Let $E = (E^0, E^1, s,r)$ be an arbitrary directed graph (i.e., no restriction is placed on the cardinality of $E^0$, or of $E^1$, or of $s^{-1}(v)$ for $v\in E^0$). Let $L_K(E)$ denote the Leavitt path algebra of $E$ with coefficients in a field $K$, and let $C^*(E)$ denote the graph C$^*$-algebra of $E$.
% (Note: here $C^*(E)$ need not be separable.)
We give necessary and sufficient conditions on $E$ so that $L_K(E)$ is primitive. (This is joint work with Jason Bell and K.M. Rangaswamy.) We then show that these same conditions are precisely the necessary and sufficient conditions on $E$ so that $C^*(E)$ is primitive. (This is joint work with Mark Tomforde.)
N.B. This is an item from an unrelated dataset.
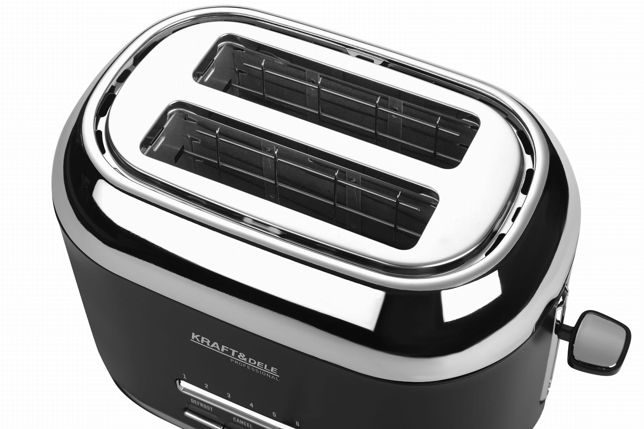 KD4154 to toster elektryczny na dwie kromki chleba, wyposażony w trzy tryby pracy — opiekanie, rozmrażanie i podgrzewanie — oraz sześciostopniową regulację przyrumienienia. Moc 1000W zapewnia szybkie osiągnięcie temperatury roboczej i równomierne opiekanie pieczywa.

This situation gives yet another example of algebraic / analytic properties of the graph algebras $L_K(E)$ and $C^*(E)$ for which the graph conditions equivalent to said property are identical, but for which the proof / techniques used are significantly different. In the Leavitt path algebra setting, we show how this result allows for the easy construction of a large collection of prime, non-primitive von Neumann regular algebras (thereby giving a systematic answer to a decades-old question of Kaplansky). In the graph C$^*$-algebra setting, we show how this result allows for the easy construction of a large collection of prime, non-primitive C$^*$-algebras (thereby giving a systematic answer to a decades-old question of Dixmier).